++++ Data

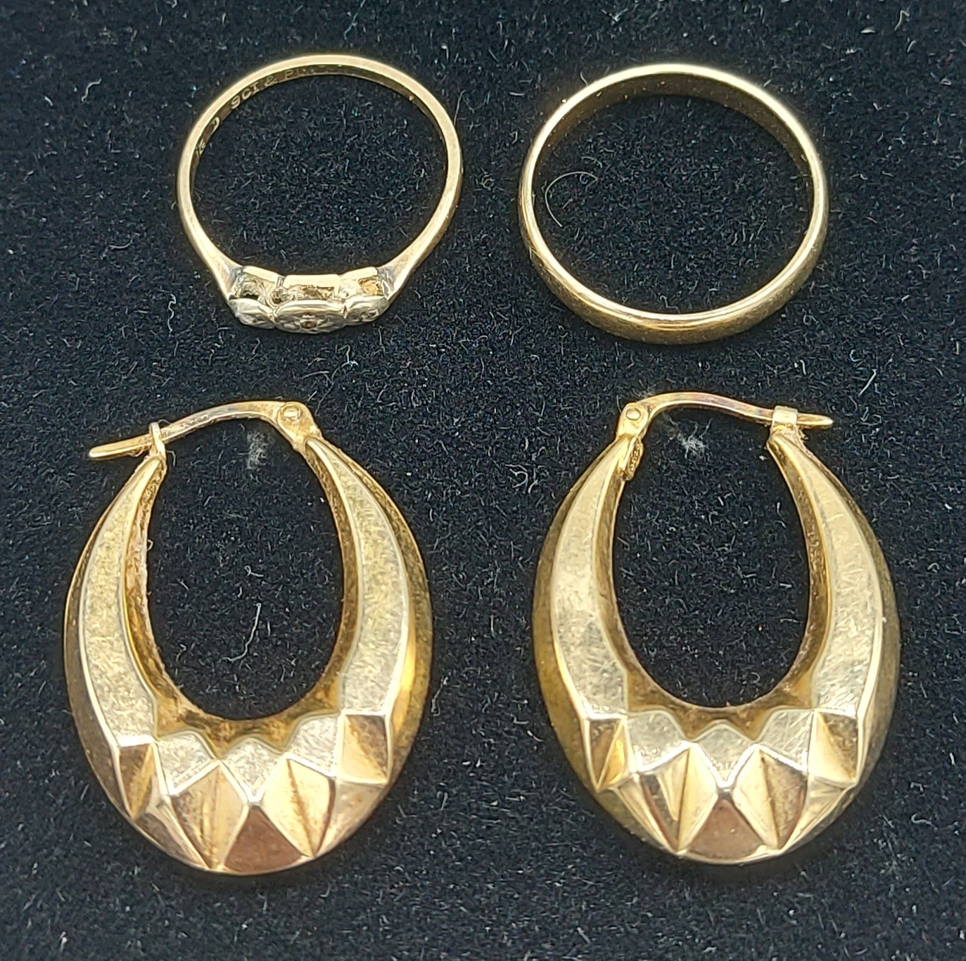 A 9ct gold and Platinum diamond set ring together with a 9ct gold wedding band and a pair of 9ct gold earrings, 5.2g
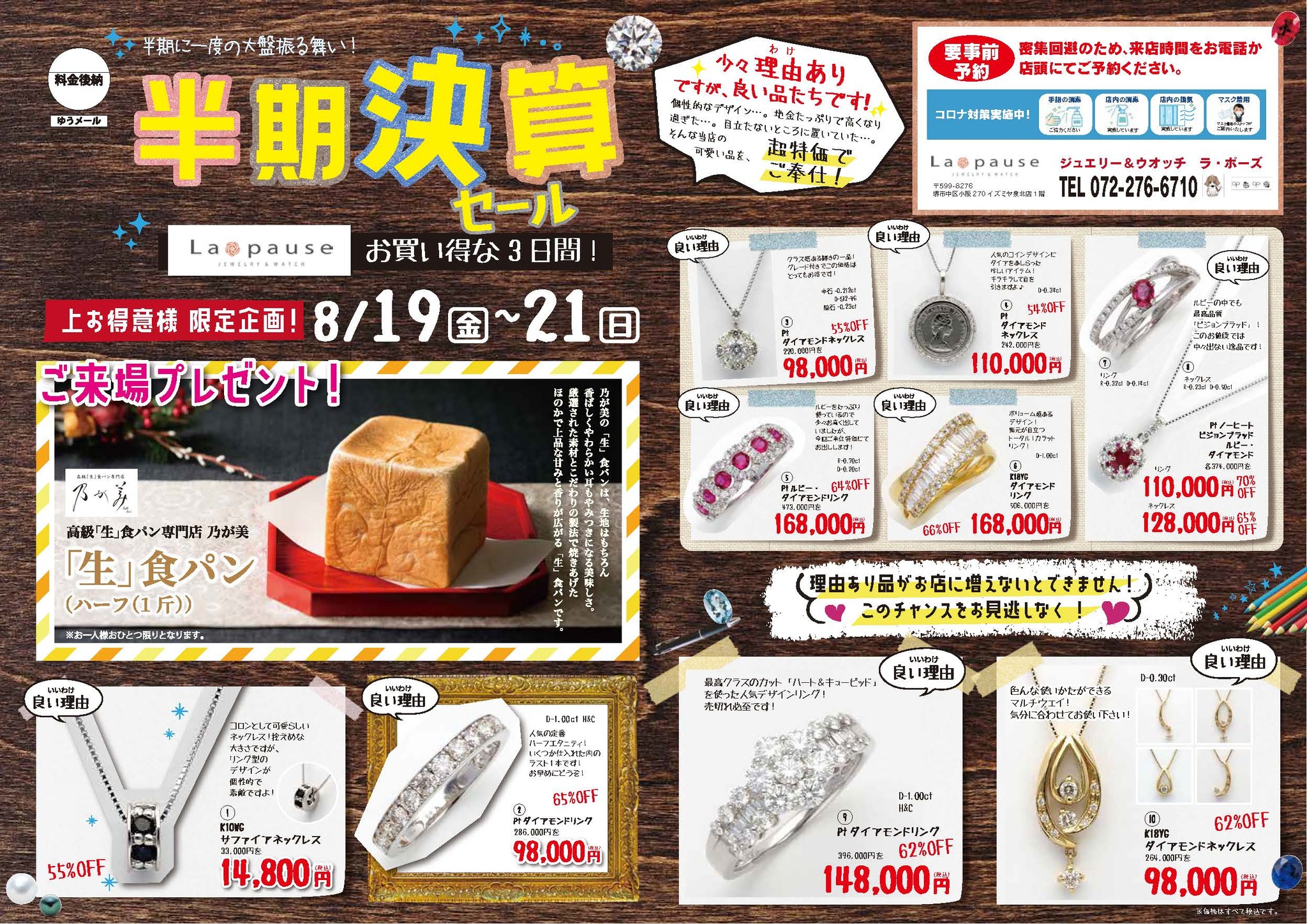 8月19日(金)~21日(日)まで、ラ・ポーズ店舗にて、半期決算セールを行います!
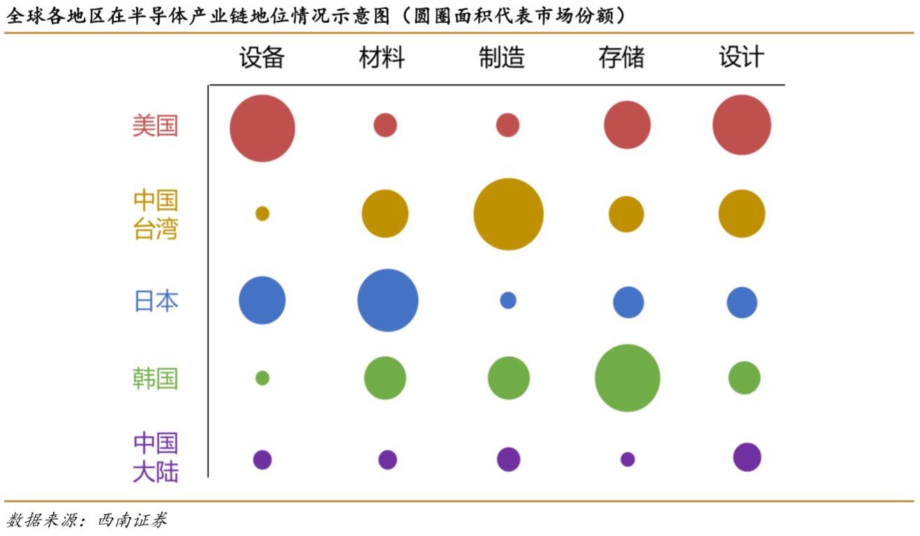 目前大家一般说到的半导体产业,其实就是包括了材料,元件,成品所有相关的产业。半导体产业最初起源于二战之后的美国,但历史上已经发生过两次产业转移。第一次转移是从20世纪 70 年代开始,由美国本土向日本转移,成就了东芝、松下、日立等知名品牌;第二次转移是在 20 世纪 90 年代末期到 21 世纪初,由美国、日本向韩国以及中国台湾转移,造就了三星、海力士、台积电、日月光等大型厂商。目前,半导体产业正在经历着第三次产业转移,目的地就是中国。中国在过去二十多年,通过长期引进技术、培养人才、承接低端组装和制造业务,已经基本完成了半导体产业的原始积累,在高端的设计、制造、封测领域,也慢慢的成长起来。
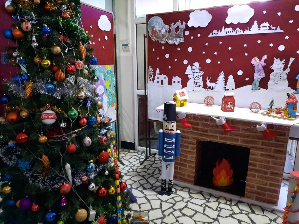 Kamin i Krcka Oraščića su pravile vaspitačice i zajedno sa djecom su okitile jelku u holu na glavnim vratima.

++++++++

** Exercise **
Excluding the images, copy all of the material above verbatim.

** Exercise solution **
 A 9ct gold and Platinum diamond set ring together with a 9ct gold wedding band and a pair of 9ct gold earrings, 5.2g
 8月19日(金)~21日(日)まで、ラ・ポーズ店舗にて、半期決算セールを行います!
 目前大家一般说到的半导体产业,其实就是包括了材料,元件,成品所有相关的产业。半导体产业最初起源于二战之后的美国,但历史上已经发生过两次产业转移。第一次转移是从20世纪 70 年代开始,由美国本土向日本转移,成就了东芝、松下、日立等知名品牌;第二次转移是在 20 世纪 90 年代末期到 21 世纪初,由美国、日本向韩国以及中国台湾转移,造就了三星、海力士、台积电、日月光等大型厂商。目前,半导体产业正在经历着第三次产业转移,目的地就是中国。中国在过去二十多年,通过长期引进技术、培养人才、承接低端组装和制造业务,已经基本完成了半导体产业的原始积累,在高端的设计、制造、封测领域,也慢慢的成长起来。
 Kamin i Krcka Oraščića su pravile vaspitačice i zajedno sa djecom su okitile jelku u holu na glavnim vratima.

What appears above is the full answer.